Parties fear political repercussions of tax increases

His remarks signal the likely return of tax hikes, an option viewed with deep suspicion by both business groups and the PSD’s voter base. Analysts say the political cost of endorsing new taxes could be enough to break fragile coalition talks.

The USR has called for early elections if no deal is reached by July. “This is not governance. It is obstruction,” USR deputy chair Elena Lasconi, who recently stood as a presidential candidate, said on 14 June.

Talks to revive the previous PSD-PNL coalition have also failed. A CURS poll published on 11 June showed support for that revival has dropped to 28%, down from 49% in 2022.

Romania’s political deadlock now risks becoming a fiscal emergency

Dan said last week that failure to deliver a detailed plan would likely result in a sovereign credit downgrade and an EU funding freeze. “There is no more time to waste,” Dan said in Bucharest, south Romania. “The political class must act responsibly or accept the consequences,” Dan added.

The warning follows the EC’s decision on 4 June, which opens the door to stricter monitoring and possible financial penalties unless corrective action is taken.
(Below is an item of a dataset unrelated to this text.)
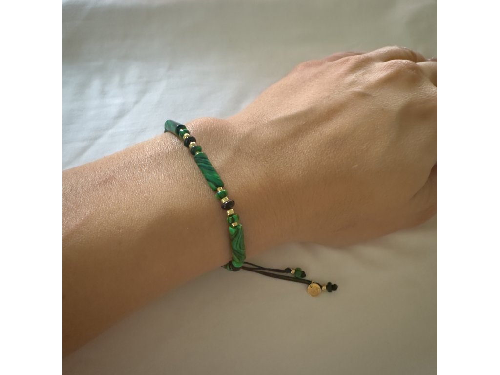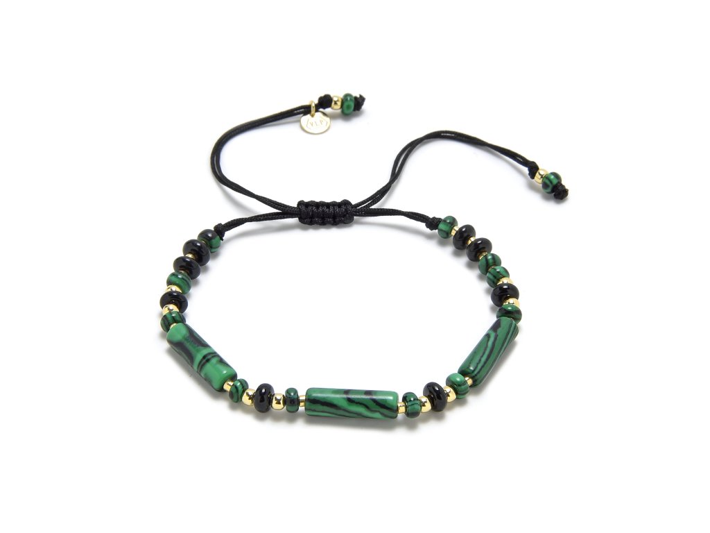 Ručně vyráběný stříbrný náramek s přírodním malachitem a černým achátem. Kameny jsou proloženy drobnými stříbrnými komponenty o ryzosti 925 povrchově pokovenými 14 kt. zlatem a japonskými korálky MIYUKI.

European Commission Vice President Valdis Dombrovskis said Romania’s fiscal slippage is “incompatible with EU rules” and urged authorities to adopt “immediate and durable” measures. Brussels is expected to evaluate Romania’s compliance shortly after the 30 June deadline.

Financial community watching closely

The lack of clarity has rattled investors. Analysts warned that further delays could damage investor confidence and weaken Romania’s credibility in the EU.

Romania is already experiencing a “marked deterioration in confidence” due to political uncertainty and lack of fiscal transparency, a June report from the Romanian Foreign Investors Council said.

Business leaders have urged the caretaker government to provide stability or step aside. “The risk premium is increasing every day this deadlock continues,” said Mihai Bogza, a consultant to foreign firm who served as the Romanian central bank's vice governor.

Rating agencies are watching closely. Credit agencies Fitch and S&P have both flagged Romania’s fiscal position as a source of concern, with reviews due in July and August. A downgrade from investment grade would raise borrowing costs and complicate access to capital markets.

For now, Dan’s 30 June deadline looms as the last chance to avoid a full-blown financial credibility crisis. “This is no longer just a coalition dispute,” said Bucharest-based political consultant Radu Magdin, describing the situation as a "governance vacuum with financial consequences".